## AIM OF THE TASK:
The entries below contain pictures, which are to be left out; write out exactly, and only, the lines from the line with "思福堂是砖木结构建筑,清水红" up to and including the line with "Prodotto idoneo alla".

Collected data
Segment Open
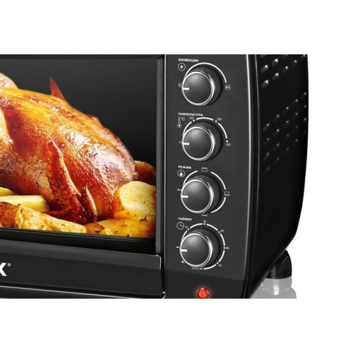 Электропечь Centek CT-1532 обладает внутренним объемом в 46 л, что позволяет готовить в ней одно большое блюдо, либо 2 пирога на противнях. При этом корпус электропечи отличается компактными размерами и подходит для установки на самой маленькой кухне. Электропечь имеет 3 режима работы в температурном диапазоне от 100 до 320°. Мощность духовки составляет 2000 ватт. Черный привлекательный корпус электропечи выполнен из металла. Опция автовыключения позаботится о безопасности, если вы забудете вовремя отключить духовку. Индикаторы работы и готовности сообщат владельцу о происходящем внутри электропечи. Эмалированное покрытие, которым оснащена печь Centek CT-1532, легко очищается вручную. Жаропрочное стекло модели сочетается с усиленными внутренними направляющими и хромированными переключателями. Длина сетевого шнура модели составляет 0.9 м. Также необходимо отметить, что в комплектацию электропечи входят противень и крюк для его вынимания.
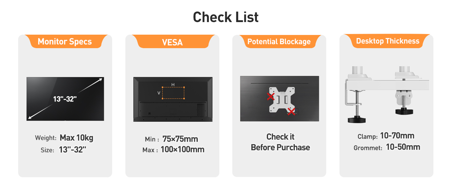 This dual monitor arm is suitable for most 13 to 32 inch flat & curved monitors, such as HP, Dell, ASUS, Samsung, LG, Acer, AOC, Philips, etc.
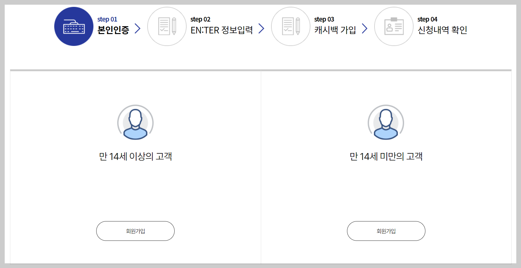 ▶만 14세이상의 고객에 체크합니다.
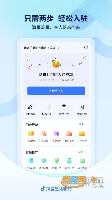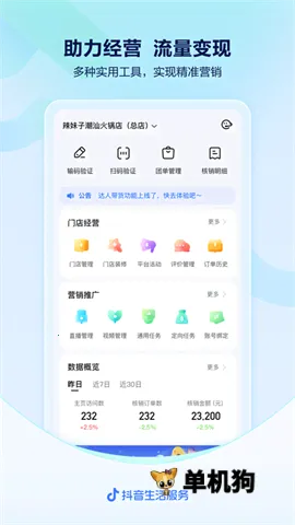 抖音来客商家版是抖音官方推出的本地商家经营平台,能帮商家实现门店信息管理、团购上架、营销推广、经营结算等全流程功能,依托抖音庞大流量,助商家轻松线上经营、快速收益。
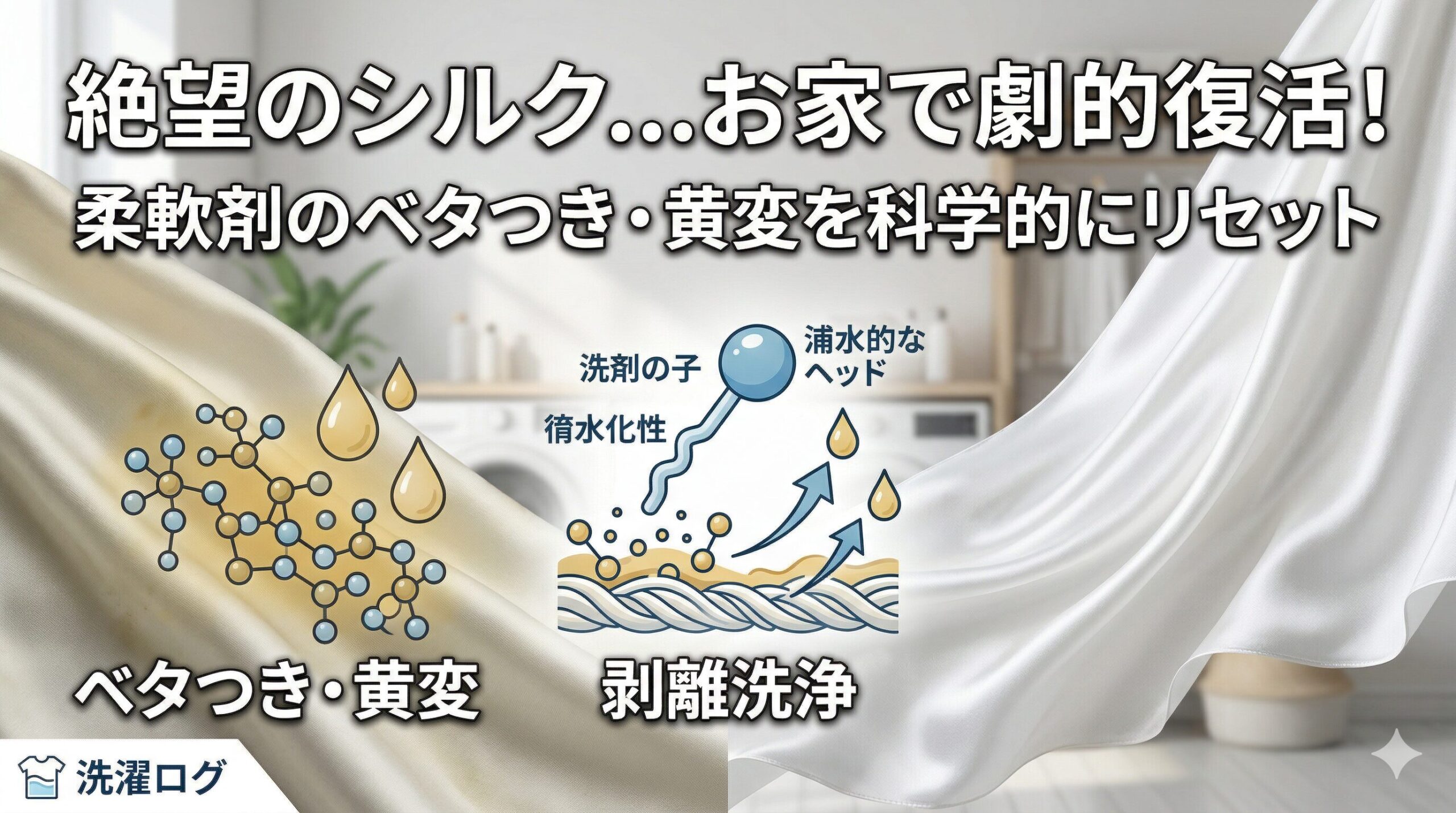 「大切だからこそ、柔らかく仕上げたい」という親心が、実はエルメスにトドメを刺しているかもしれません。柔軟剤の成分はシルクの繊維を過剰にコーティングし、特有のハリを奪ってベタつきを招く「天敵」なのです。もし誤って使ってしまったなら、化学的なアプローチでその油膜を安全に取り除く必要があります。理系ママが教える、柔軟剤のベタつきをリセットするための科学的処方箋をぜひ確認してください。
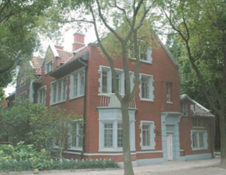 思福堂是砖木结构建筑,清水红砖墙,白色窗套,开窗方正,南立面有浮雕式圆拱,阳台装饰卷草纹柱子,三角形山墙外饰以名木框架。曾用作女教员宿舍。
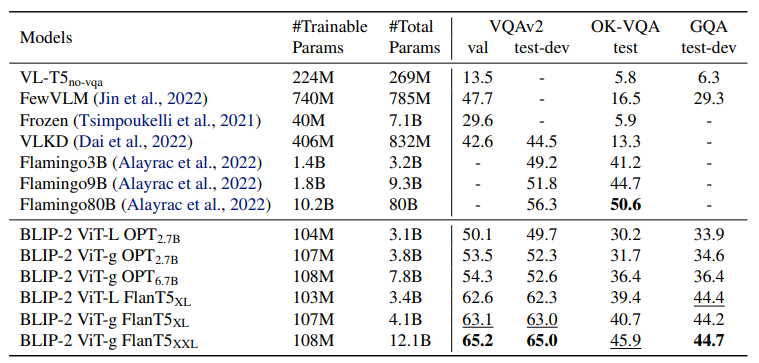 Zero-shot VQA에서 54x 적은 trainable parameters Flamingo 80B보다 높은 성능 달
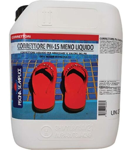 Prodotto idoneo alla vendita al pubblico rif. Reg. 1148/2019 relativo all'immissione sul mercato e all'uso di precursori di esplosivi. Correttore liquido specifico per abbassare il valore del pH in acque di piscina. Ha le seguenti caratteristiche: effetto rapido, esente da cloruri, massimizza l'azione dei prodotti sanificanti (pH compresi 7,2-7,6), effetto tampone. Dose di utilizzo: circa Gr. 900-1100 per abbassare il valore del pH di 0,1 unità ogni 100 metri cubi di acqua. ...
Segment Closed
Segment Open
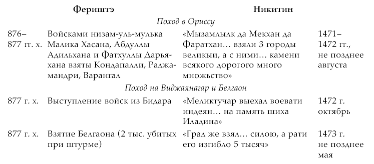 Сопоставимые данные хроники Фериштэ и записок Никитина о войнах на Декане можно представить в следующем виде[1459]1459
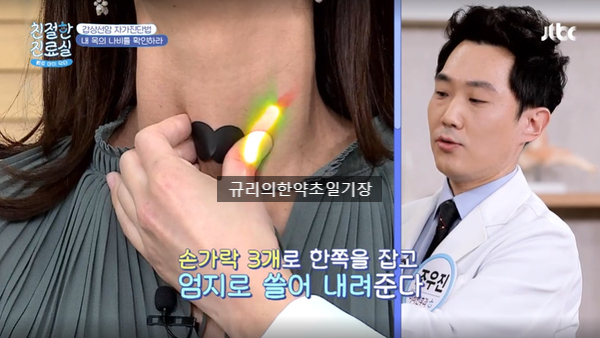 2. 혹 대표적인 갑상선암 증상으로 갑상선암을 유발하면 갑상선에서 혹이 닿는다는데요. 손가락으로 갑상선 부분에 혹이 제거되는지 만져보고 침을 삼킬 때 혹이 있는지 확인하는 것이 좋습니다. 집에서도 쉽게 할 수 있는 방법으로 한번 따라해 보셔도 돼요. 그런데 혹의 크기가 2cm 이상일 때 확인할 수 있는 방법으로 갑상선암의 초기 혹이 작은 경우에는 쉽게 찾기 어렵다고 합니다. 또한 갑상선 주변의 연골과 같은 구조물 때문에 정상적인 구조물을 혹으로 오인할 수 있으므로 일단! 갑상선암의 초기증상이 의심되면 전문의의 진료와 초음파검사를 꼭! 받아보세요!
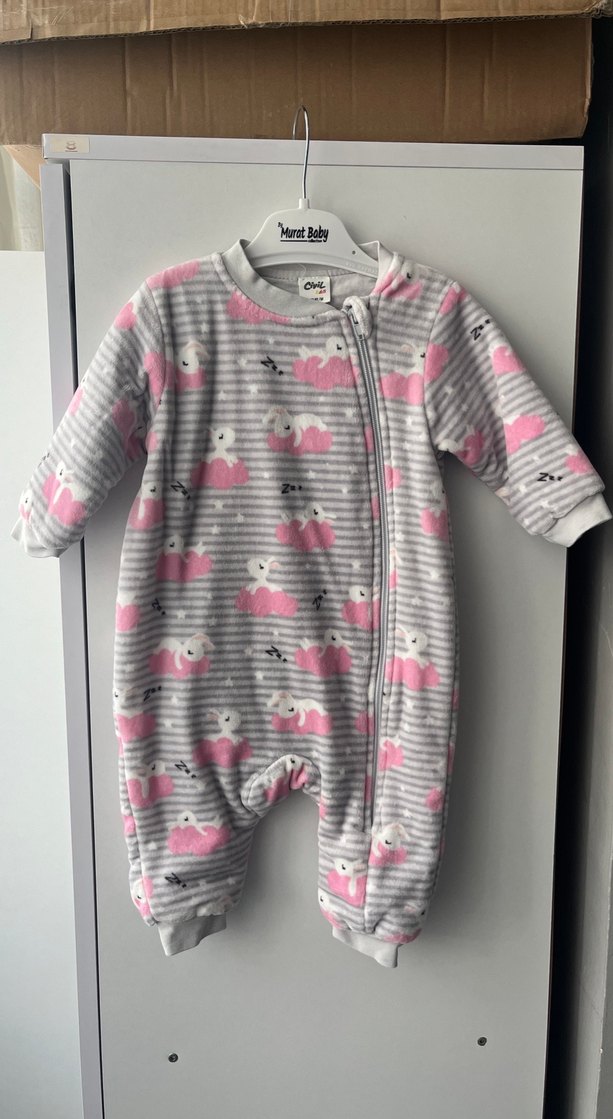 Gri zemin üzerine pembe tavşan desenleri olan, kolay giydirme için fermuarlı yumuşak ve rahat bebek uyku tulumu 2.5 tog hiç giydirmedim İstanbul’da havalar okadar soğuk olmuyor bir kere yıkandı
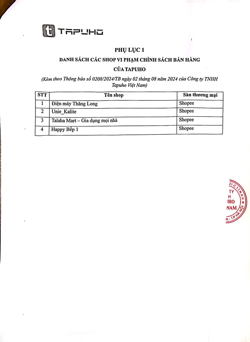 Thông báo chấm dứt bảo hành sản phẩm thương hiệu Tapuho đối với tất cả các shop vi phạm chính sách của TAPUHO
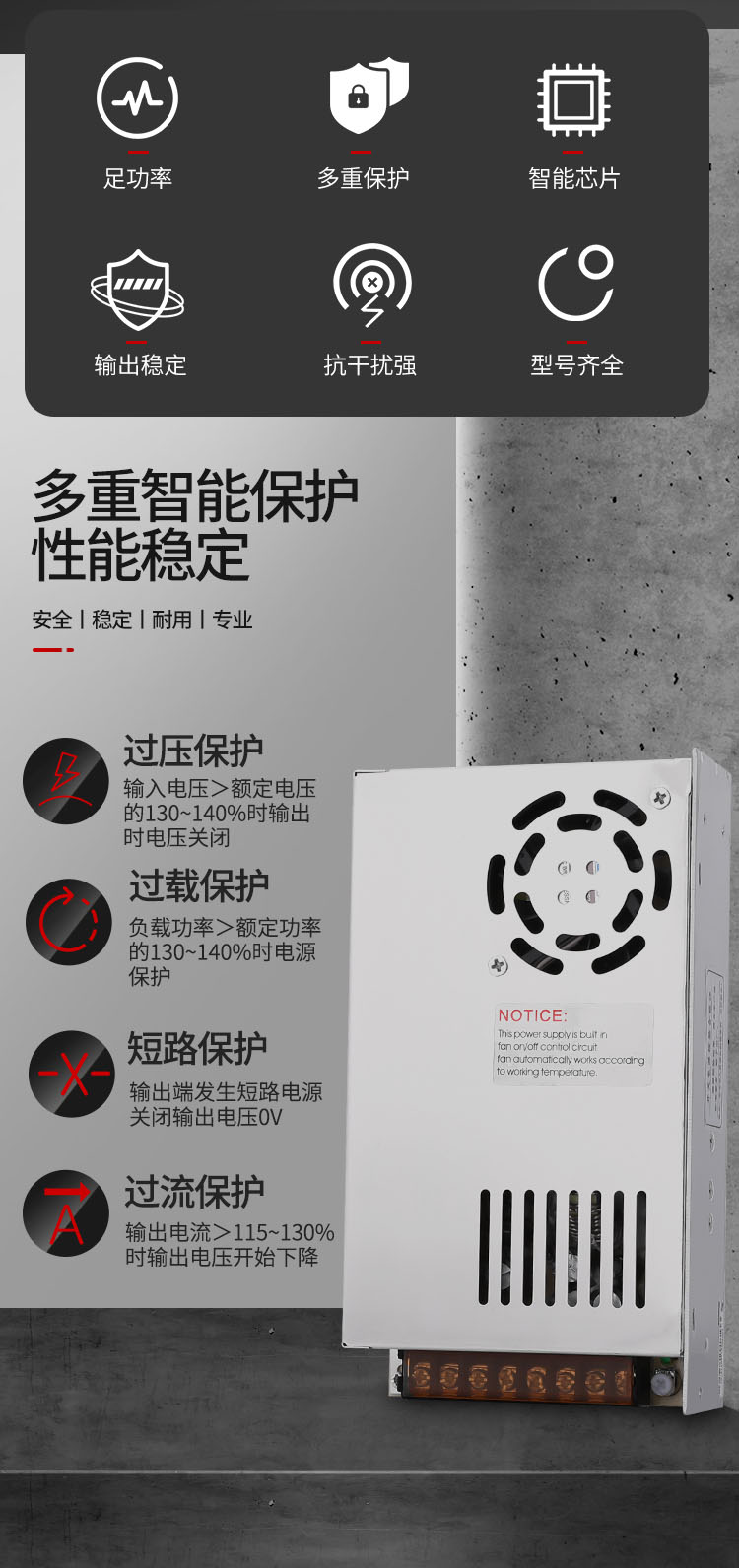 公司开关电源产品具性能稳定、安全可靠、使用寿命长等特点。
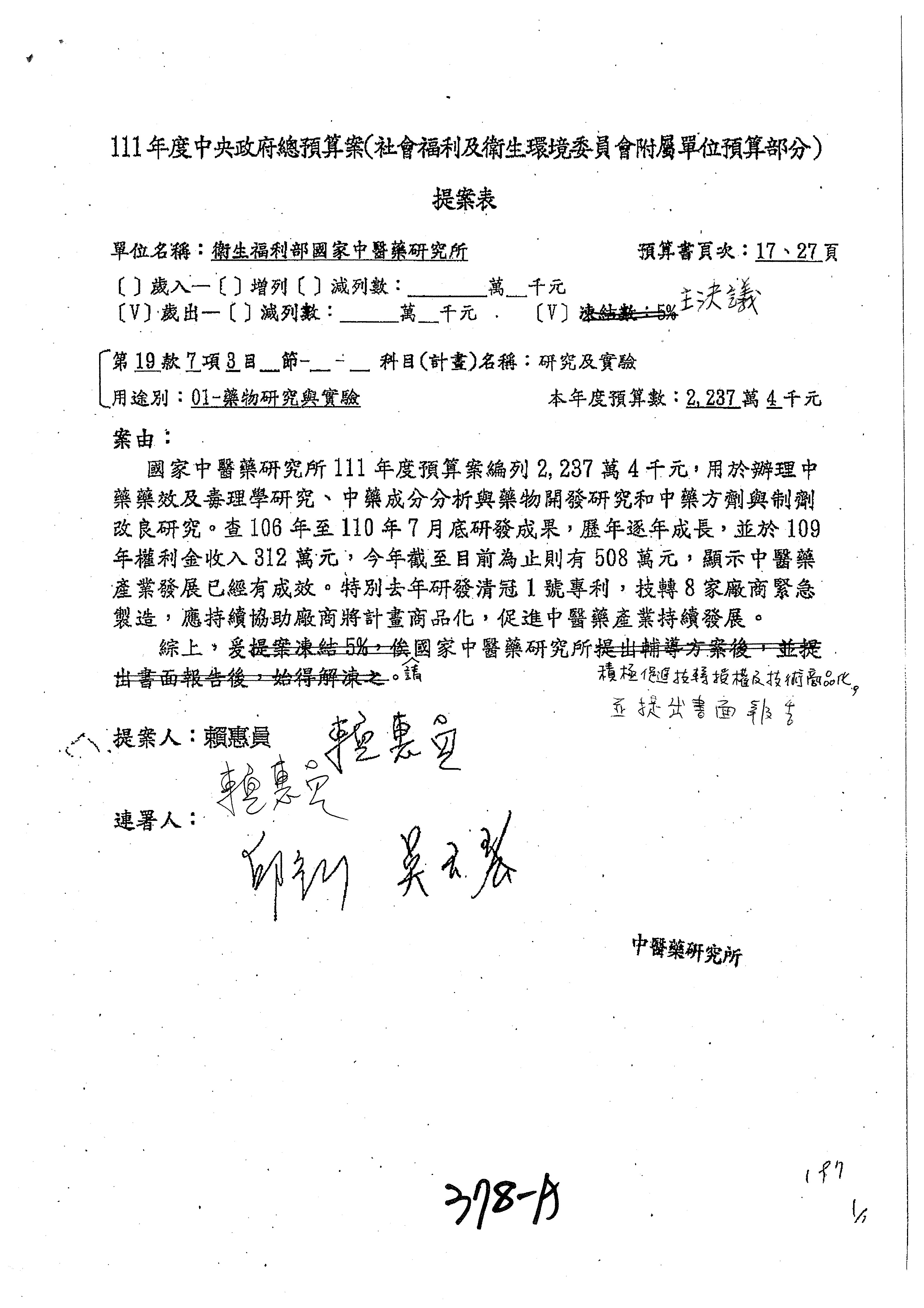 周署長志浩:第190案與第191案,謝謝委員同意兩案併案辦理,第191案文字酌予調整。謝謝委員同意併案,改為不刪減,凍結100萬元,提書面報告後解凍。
Segment Closed
## RESPONSE:
 思福堂是砖木结构建筑,清水红砖墙,白色窗套,开窗方正,南立面有浮雕式圆拱,阳台装饰卷草纹柱子,三角形山墙外饰以名木框架。曾用作女教员宿舍。
 Zero-shot VQA에서 54x 적은 trainable parameters Flamingo 80B보다 높은 성능 달
 Prodotto idoneo alla vendita al pubblico rif. Reg. 1148/2019 relativo all'immissione sul mercato e all'uso di precursori di esplosivi. Correttore liquido specifico per abbassare il valore del pH in acque di piscina. Ha le seguenti caratteristiche: effetto rapido, esente da cloruri, massimizza l'azione dei prodotti sanificanti (pH compresi 7,2-7,6), effetto tampone. Dose di utilizzo: circa Gr. 900-1100 per abbassare il valore del pH di 0,1 unità ogni 100 metri cubi di acqua. ...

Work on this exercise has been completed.